**Exercise requirements**
From the first line to the last, give the records again exactly and skip the pictures.

※ ※ ※

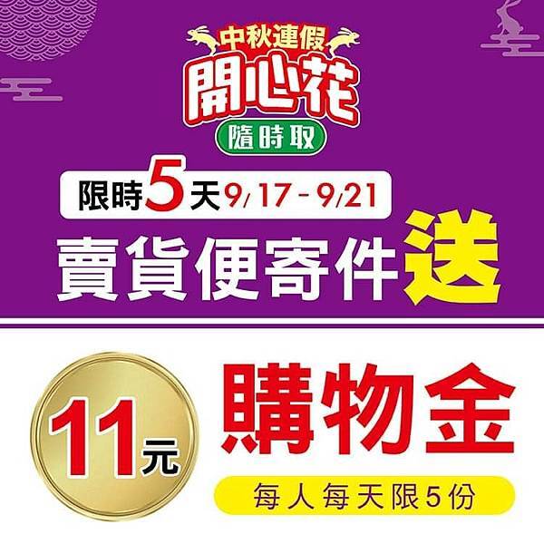 9/17~9/21賣貨便中秋特別活動 寄件送11元購物金
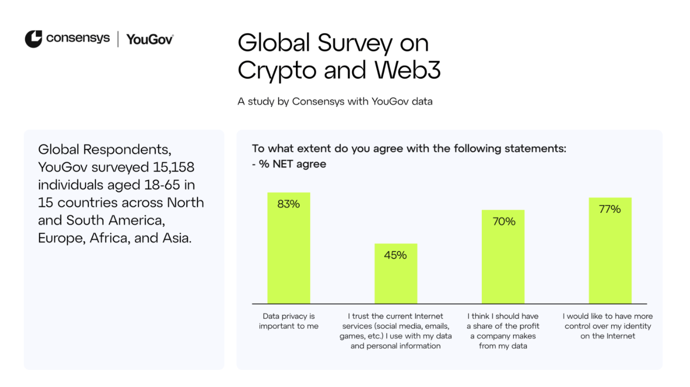 Der Ruf nach mehr Kontrolle über Online Identitäten und Datenschutz wird immer lauter. Eine weltweite Umfrage des Ethereum Technologieanbieters ConsenSys ergab, dass 79 Prozent der Befragten mehr Kontrolle über ihre Online Identität wünschen. Die überwiegende Mehrheit legt auch Wert auf Datenschutz.
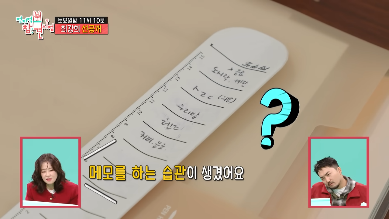 최강희 님의 메모 습관은 ‘메모’라는 단순한 행동이 일상에서 어떤 큰 변화를 만들어낼 수 있는지 보여줍니다. 중요한 일정이나 할 일을 쉽게 기록해두면 빠르게 확인할 수 있어 실수가 줄어들고 일정을 더 효율적으로 관리할 수 있어요. 게다가 손목에 착용하는 형태라 쉽게 접근 가능해 일상 속 자주 활용할 수 있다는 점이 큰 장점입니다. 일상적으로 중요한 메모를 손목에 남기는 습관은 특히 자주 잊어버리는 성향이 있는 사람들에게 매우 유용할 거예요.
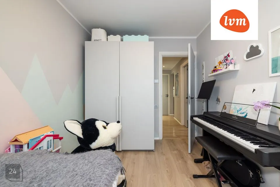 Esik, kus on walk-in garderoobikapp; eraldi köök; wc; pesuruum; elutuba, kus on suur garderoobinurk ning pääs hommikupäiksepoolsele rõdule; lapse tuba; põhimagamistuba, kust samuti pääs rõdule.
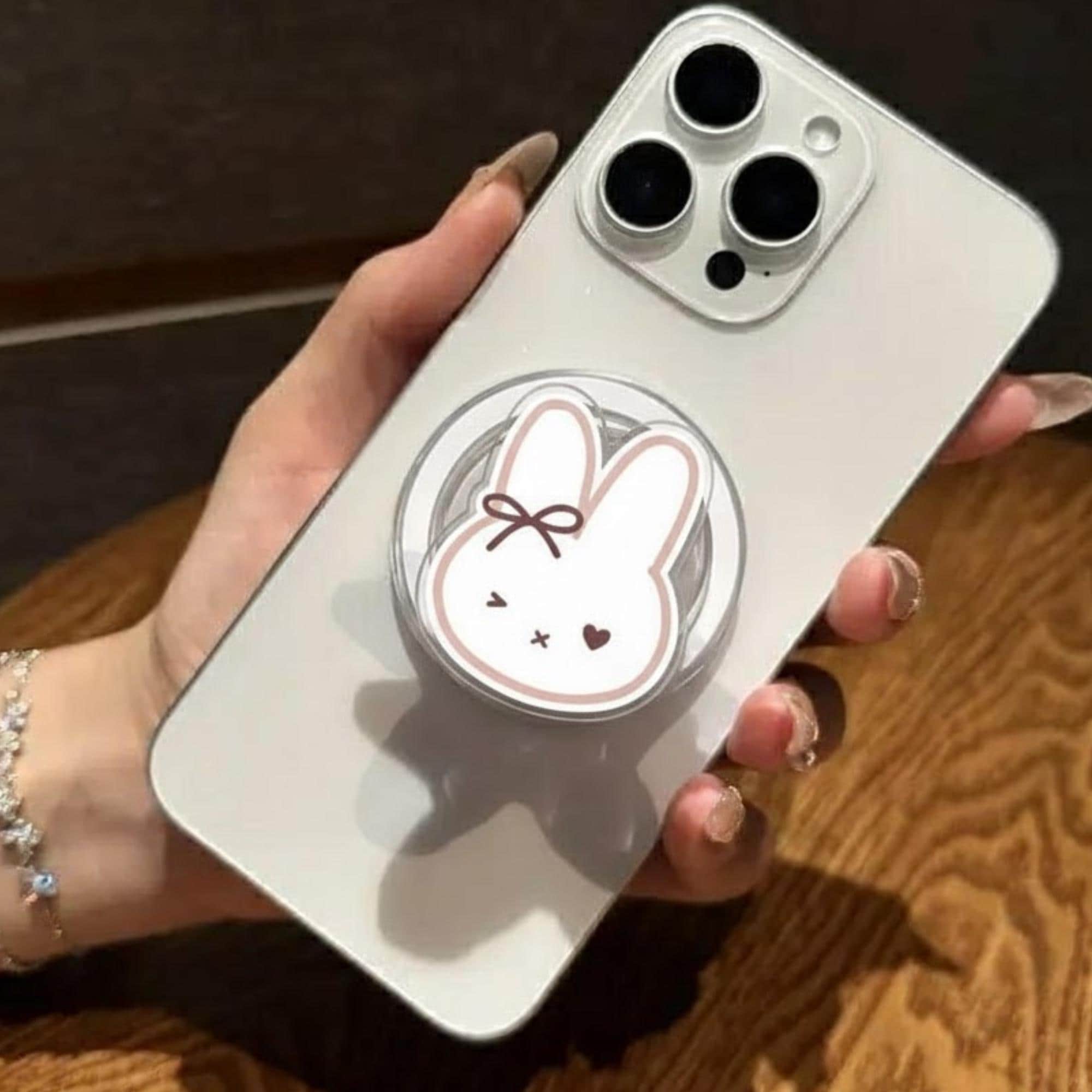 🐰 Add a burst of cuteness to your phone with this Kawaii Bunny MagSafe Phone Grip. Featuring an adorable bunny rabbit design with a sweet bow, this phone holder brings fun and personality to your phone. Inspired by Instagram’s photo-sharing style, it combines both functionality and style, making it a perfect accessory for animal lovers, especially fans of kawaii designs. Its strong magnetic grip works with MagSafe-compatible devices, ensuring a secure hold and easy attachment.
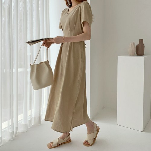메리바움 메이 린넨 브이넥 롱 원피스 허리리본 여성 간절기 반팔
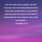 But the LORD said to Moses, "Do not fear him, for I have delivered him into your hand, along with all his people and his land. Do to him as you did to Sihon king of the Amorites, who lived in Heshbon."
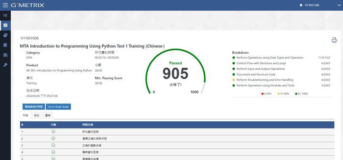 (5)測驗結束後,皆會產生完整應用能力解析報告分析,使學生於自我測驗後後能清楚了解學習展望。
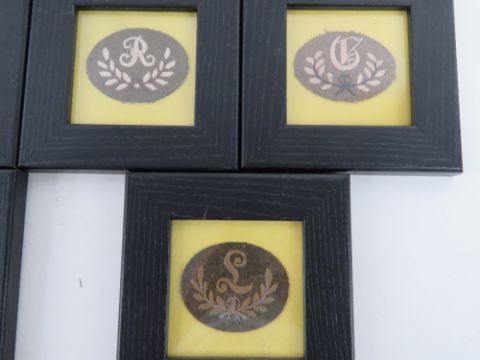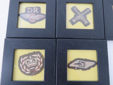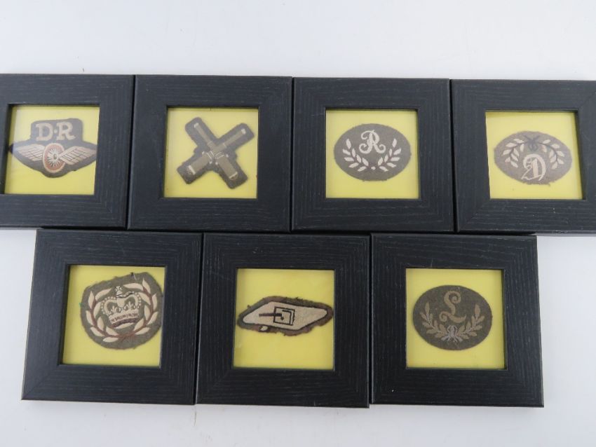 A quantity of WWI British framed insignia, seven items.
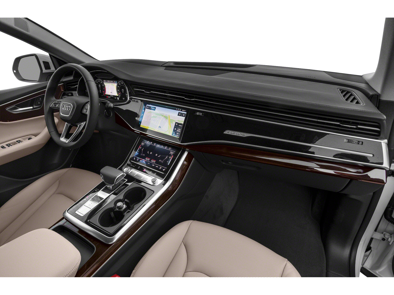 PREMIUM PLUS: Bang & Olufsen 3D Premium Sound System, 4-Zone Climate Control, Ventilated Front Seats, front passenger 4-way power lumbar, Illuminated Door Sills, Audi Side Assist w/Pre Sense Rear, Audi Phone Box w/Wireless Charging, signal booster, Heated Power Folding Auto-Dimming Exterior Mirrors, memory, High-Beam Assist, Ambient Interior Lighting Plus Package, multicolor ambient light, Top View Camera System, virtual 360 view, ADAPTIVE CHASSIS PACKAGE: 4-Wheel-Steering, Adaptive Air Suspension, YEAR 1 PACKAGE: Wheels: 22 Audi Sport 5-V-Spoke Star Design, Anthracite, Tires: 285/40R22 All Season, S line Fender Badges, Black Single Frame Mask, Front & Rear S line Bumpers, S line Illuminated Door Sills, Black Optic Exterior Kit, Roof Rails & Mask, TOWING PACKAGE: 7,700 lbs towing capacity, DAYTONA GRAY PEARL EFFECT. Audi Premium Plus with Daytona Gray Pearl Effect exterior and Black interior features a V6 Cylinder Engine with 335 HP at 5700 RPM*. Non-Smoker vehicle
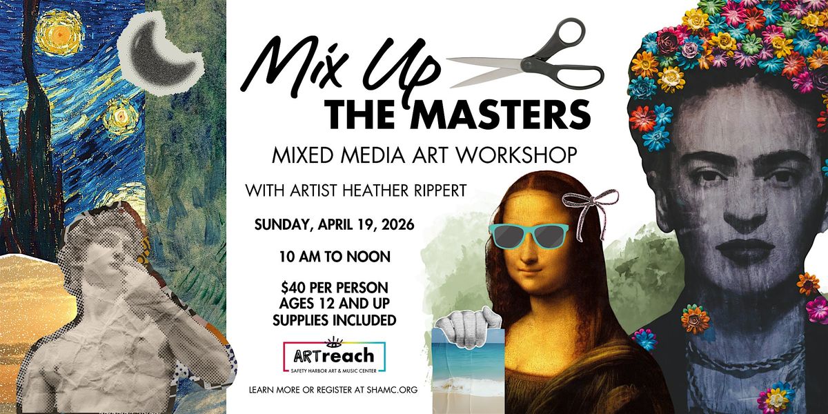 Mix Up the Masters is a hands-on mixed media workshop led by artist Heather Rippert that invites you to break the rules and reimagine art history. Participants will cut, layer, and remix iconic imagery to create bold, original works of art. All levels welcome! Bring your curiosity and a willingness to experiment. All supplies included.
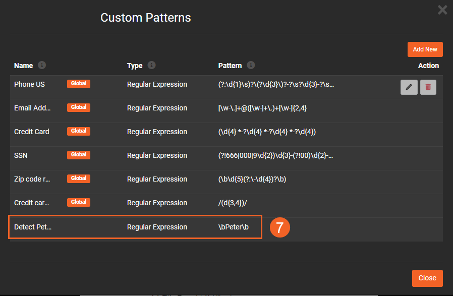 - On the Custom Patterns screen, all existing regex-based custom patterns are listed. Select Add New to add a new pattern.
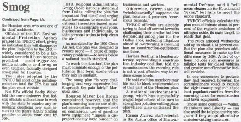 Texans rebelled against centralized vehicle emission testing in 1995 with civil suits; a lot more will be rampant in the next few years. Grievances should be sent ot the following organizations:
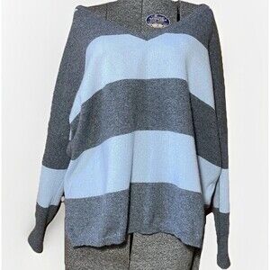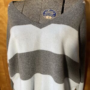 Minnie Rose 100% Cashmere Sweater Gray Blue Stripe V-Neck Pullover Womens XS/S
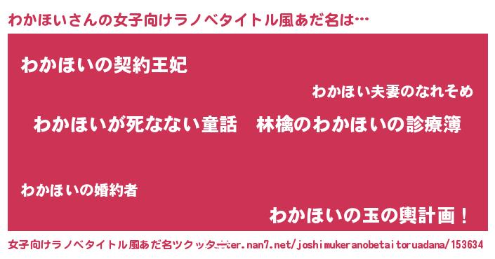 | 男性向けラノベタイトル風あだ名 | 『魔弾の王とわかほい』 |
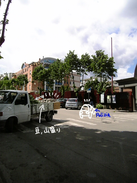 そこに一台の青白クルマ・・・Polizia(ポリッツイア/警察)のクルマが
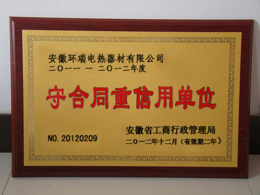 誠信是企業(yè)可持續(xù)發(fā)展的基石。十多年來,安徽環(huán)瑞電熱器材有限公司始終秉承“以人為本,以顧客為中心”的核心價值觀,恪守誠信經(jīng)營的理念,嚴格執(zhí)行《合同法》、《公司法》等法律法規(guī),不斷強化合同管理,完善合同管理制度,從根本上保證合同管理和履行的規(guī)范性。同時,大力開展創(chuàng)造“守合同重信用”企業(yè)活動,營造“守合同重信用”的良好氛圍,提高全體職工“守合同重信用”的自覺性和法制觀念,使企業(yè)合同管理不斷走向制度化、規(guī)范化、標準化。2011-2012年公司合同履行率100%。無任何違法、違約、違規(guī)及合同糾紛等不良行為,各合作單位對安徽環(huán)瑞的合同履行情況也都給予了高度評價。
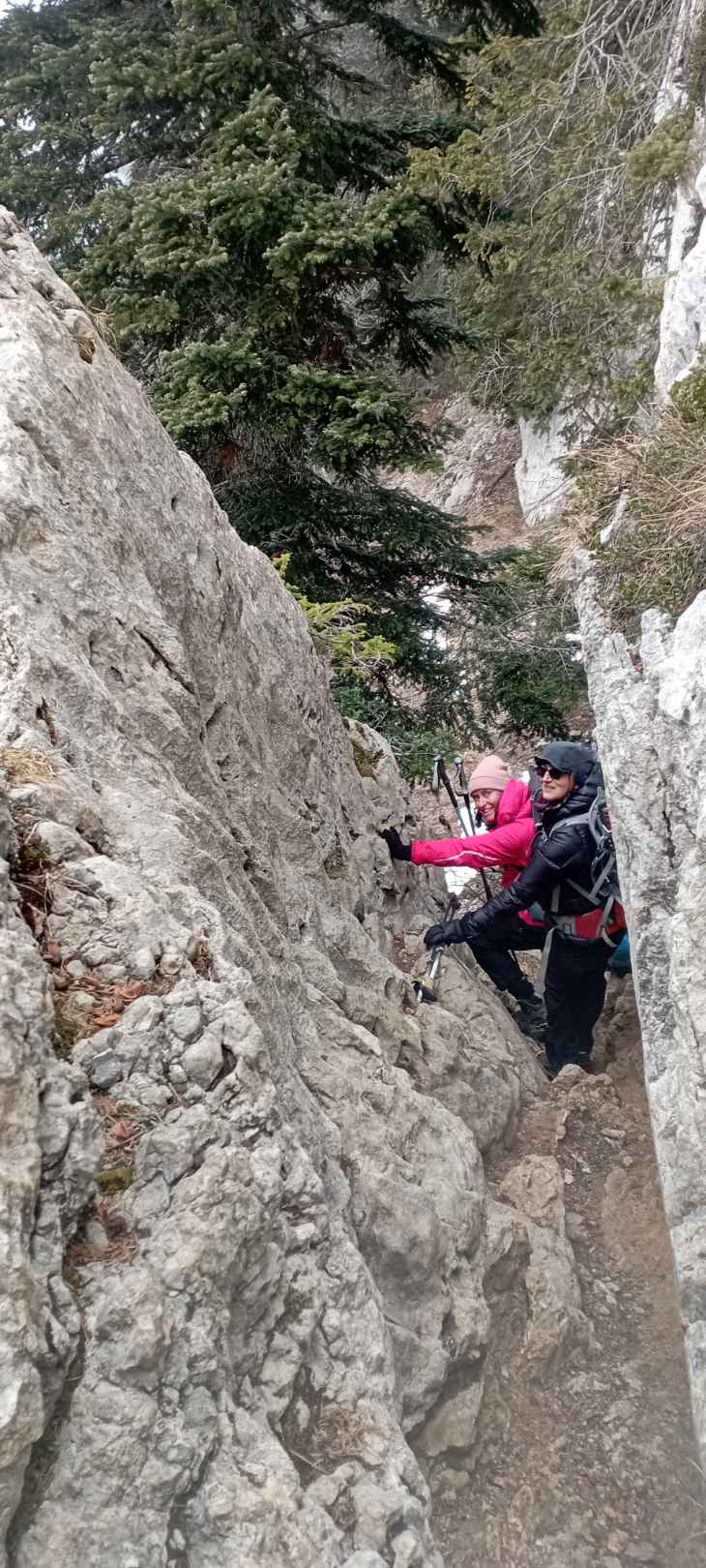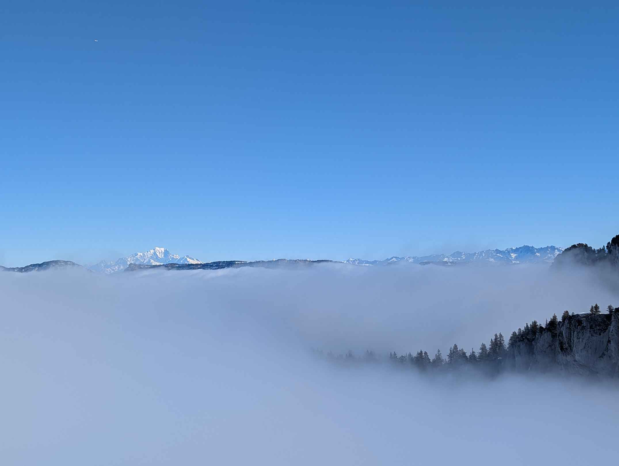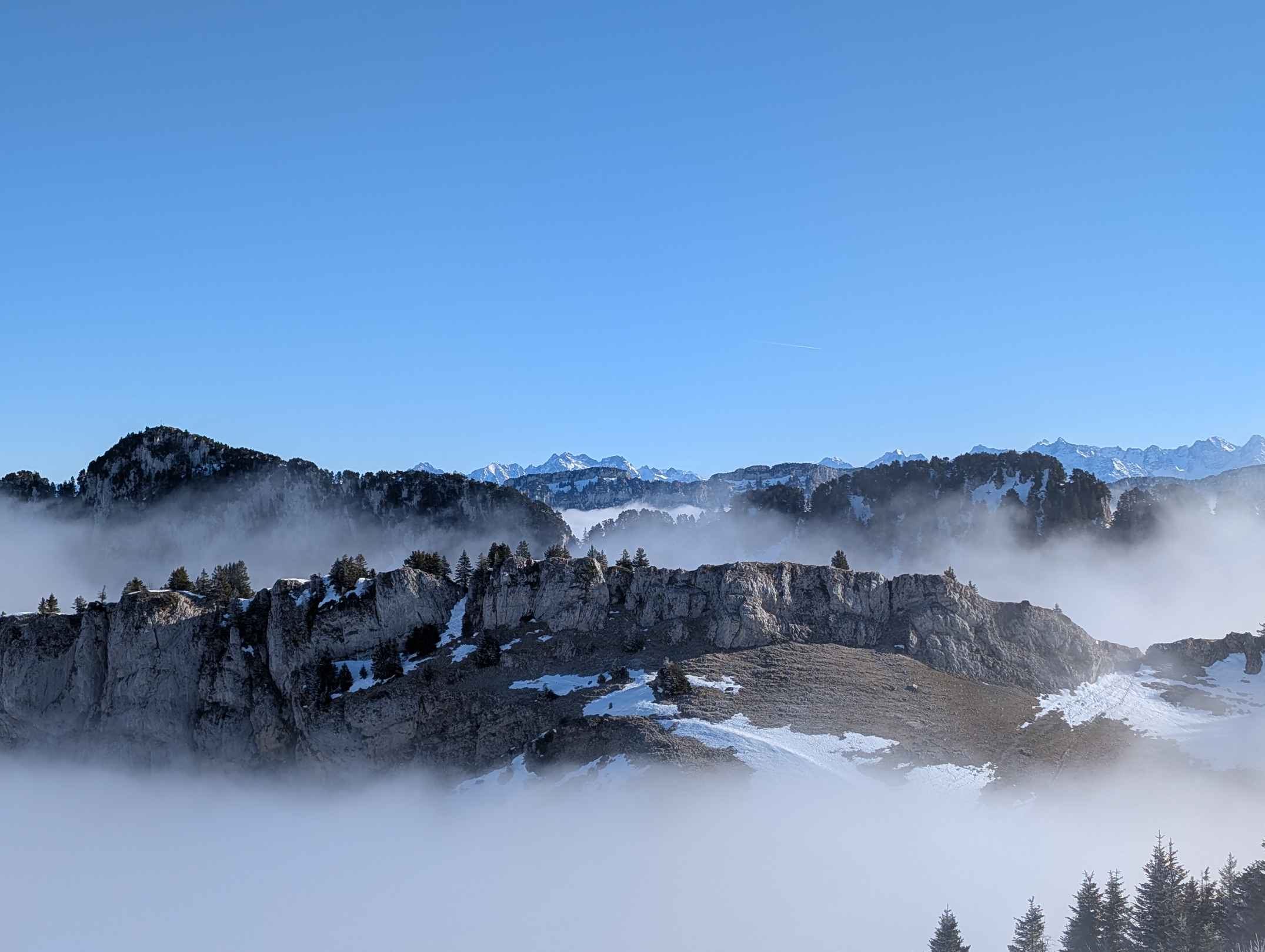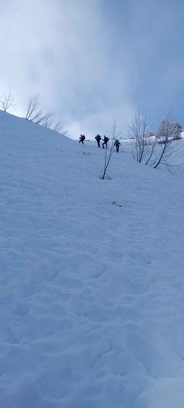 Belle sortie raquette pour démarrer 2026 avec le sommet du Petit Som en boucle depuis le Ruchère. Montée par le versant nord dans une neige bien dure nécessitant raquettes puis crampons (remarquez l'encadrement au petit soin pour aider les participants !) et descente versant sud par le Pas du Loup (complétement sec) et le Col de la Ruchère. Très belle vue au sommet au dessus des nuages et une surprise avec un superbe cercle de brocken et sa gloire (on en profite pour faire un petit cours d'optique avant la pause déjeuner). Une alternance de paysage agréable mais on espère le retour de la neige fraîche rapidement pour continuer la saison. A bientôt pour les prochaines sorties avec le club !
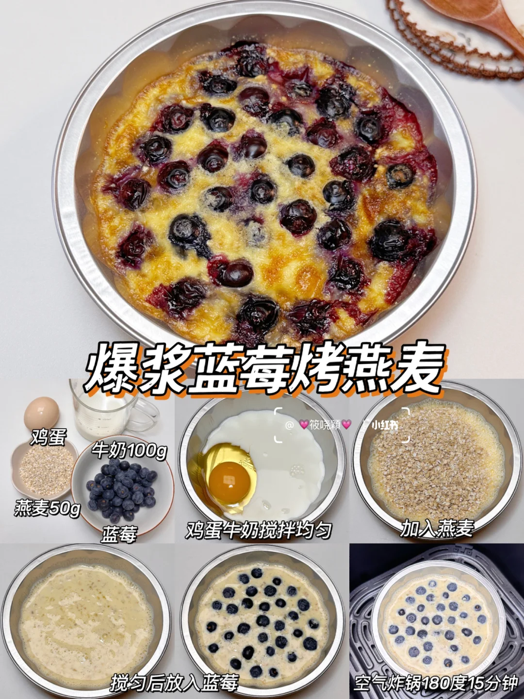 ✅牛奶鸡蛋搅拌均匀,加入燕麦片搅匀,放入蓝莓,空气炸锅180度 15分钟

※ ※ ※

**Task response**
 9/17~9/21賣貨便中秋特別活動 寄件送11元購物金
 Der Ruf nach mehr Kontrolle über Online Identitäten und Datenschutz wird immer lauter. Eine weltweite Umfrage des Ethereum Technologieanbieters ConsenSys ergab, dass 79 Prozent der Befragten mehr Kontrolle über ihre Online Identität wünschen. Die überwiegende Mehrheit legt auch Wert auf Datenschutz.
 최강희 님의 메모 습관은 ‘메모’라는 단순한 행동이 일상에서 어떤 큰 변화를 만들어낼 수 있는지 보여줍니다. 중요한 일정이나 할 일을 쉽게 기록해두면 빠르게 확인할 수 있어 실수가 줄어들고 일정을 더 효율적으로 관리할 수 있어요. 게다가 손목에 착용하는 형태라 쉽게 접근 가능해 일상 속 자주 활용할 수 있다는 점이 큰 장점입니다. 일상적으로 중요한 메모를 손목에 남기는 습관은 특히 자주 잊어버리는 성향이 있는 사람들에게 매우 유용할 거예요.
 Esik, kus on walk-in garderoobikapp; eraldi köök; wc; pesuruum; elutuba, kus on suur garderoobinurk ning pääs hommikupäiksepoolsele rõdule; lapse tuba; põhimagamistuba, kust samuti pääs rõdule.
 🐰 Add a burst of cuteness to your phone with this Kawaii Bunny MagSafe Phone Grip. Featuring an adorable bunny rabbit design with a sweet bow, this phone holder brings fun and personality to your phone. Inspired by Instagram’s photo-sharing style, it combines both functionality and style, making it a perfect accessory for animal lovers, especially fans of kawaii designs. Its strong magnetic grip works with MagSafe-compatible devices, ensuring a secure hold and easy attachment.
메리바움 메이 린넨 브이넥 롱 원피스 허리리본 여성 간절기 반팔
 But the LORD said to Moses, "Do not fear him, for I have delivered him into your hand, along with all his people and his land. Do to him as you did to Sihon king of the Amorites, who lived in Heshbon."
 (5)測驗結束後,皆會產生完整應用能力解析報告分析,使學生於自我測驗後後能清楚了解學習展望。
 A quantity of WWI British framed insignia, seven items.
 PREMIUM PLUS: Bang & Olufsen 3D Premium Sound System, 4-Zone Climate Control, Ventilated Front Seats, front passenger 4-way power lumbar, Illuminated Door Sills, Audi Side Assist w/Pre Sense Rear, Audi Phone Box w/Wireless Charging, signal booster, Heated Power Folding Auto-Dimming Exterior Mirrors, memory, High-Beam Assist, Ambient Interior Lighting Plus Package, multicolor ambient light, Top View Camera System, virtual 360 view, ADAPTIVE CHASSIS PACKAGE: 4-Wheel-Steering, Adaptive Air Suspension, YEAR 1 PACKAGE: Wheels: 22 Audi Sport 5-V-Spoke Star Design, Anthracite, Tires: 285/40R22 All Season, S line Fender Badges, Black Single Frame Mask, Front & Rear S line Bumpers, S line Illuminated Door Sills, Black Optic Exterior Kit, Roof Rails & Mask, TOWING PACKAGE: 7,700 lbs towing capacity, DAYTONA GRAY PEARL EFFECT. Audi Premium Plus with Daytona Gray Pearl Effect exterior and Black interior features a V6 Cylinder Engine with 335 HP at 5700 RPM*. Non-Smoker vehicle
 Mix Up the Masters is a hands-on mixed media workshop led by artist Heather Rippert that invites you to break the rules and reimagine art history. Participants will cut, layer, and remix iconic imagery to create bold, original works of art. All levels welcome! Bring your curiosity and a willingness to experiment. All supplies included.
 - On the Custom Patterns screen, all existing regex-based custom patterns are listed. Select Add New to add a new pattern.
 Texans rebelled against centralized vehicle emission testing in 1995 with civil suits; a lot more will be rampant in the next few years. Grievances should be sent ot the following organizations:
 Minnie Rose 100% Cashmere Sweater Gray Blue Stripe V-Neck Pullover Womens XS/S
 | 男性向けラノベタイトル風あだ名 | 『魔弾の王とわかほい』 |
 そこに一台の青白クルマ・・・Polizia(ポリッツイア/警察)のクルマが
 誠信是企業(yè)可持續(xù)發(fā)展的基石。十多年來,安徽環(huán)瑞電熱器材有限公司始終秉承“以人為本,以顧客為中心”的核心價值觀,恪守誠信經(jīng)營的理念,嚴格執(zhí)行《合同法》、《公司法》等法律法規(guī),不斷強化合同管理,完善合同管理制度,從根本上保證合同管理和履行的規(guī)范性。同時,大力開展創(chuàng)造“守合同重信用”企業(yè)活動,營造“守合同重信用”的良好氛圍,提高全體職工“守合同重信用”的自覺性和法制觀念,使企業(yè)合同管理不斷走向制度化、規(guī)范化、標準化。2011-2012年公司合同履行率100%。無任何違法、違約、違規(guī)及合同糾紛等不良行為,各合作單位對安徽環(huán)瑞的合同履行情況也都給予了高度評價。
 Belle sortie raquette pour démarrer 2026 avec le sommet du Petit Som en boucle depuis le Ruchère. Montée par le versant nord dans une neige bien dure nécessitant raquettes puis crampons (remarquez l'encadrement au petit soin pour aider les participants !) et descente versant sud par le Pas du Loup (complétement sec) et le Col de la Ruchère. Très belle vue au sommet au dessus des nuages et une surprise avec un superbe cercle de brocken et sa gloire (on en profite pour faire un petit cours d'optique avant la pause déjeuner). Une alternance de paysage agréable mais on espère le retour de la neige fraîche rapidement pour continuer la saison. A bientôt pour les prochaines sorties avec le club !
 ✅牛奶鸡蛋搅拌均匀,加入燕麦片搅匀,放入蓝莓,空气炸锅180度 15分钟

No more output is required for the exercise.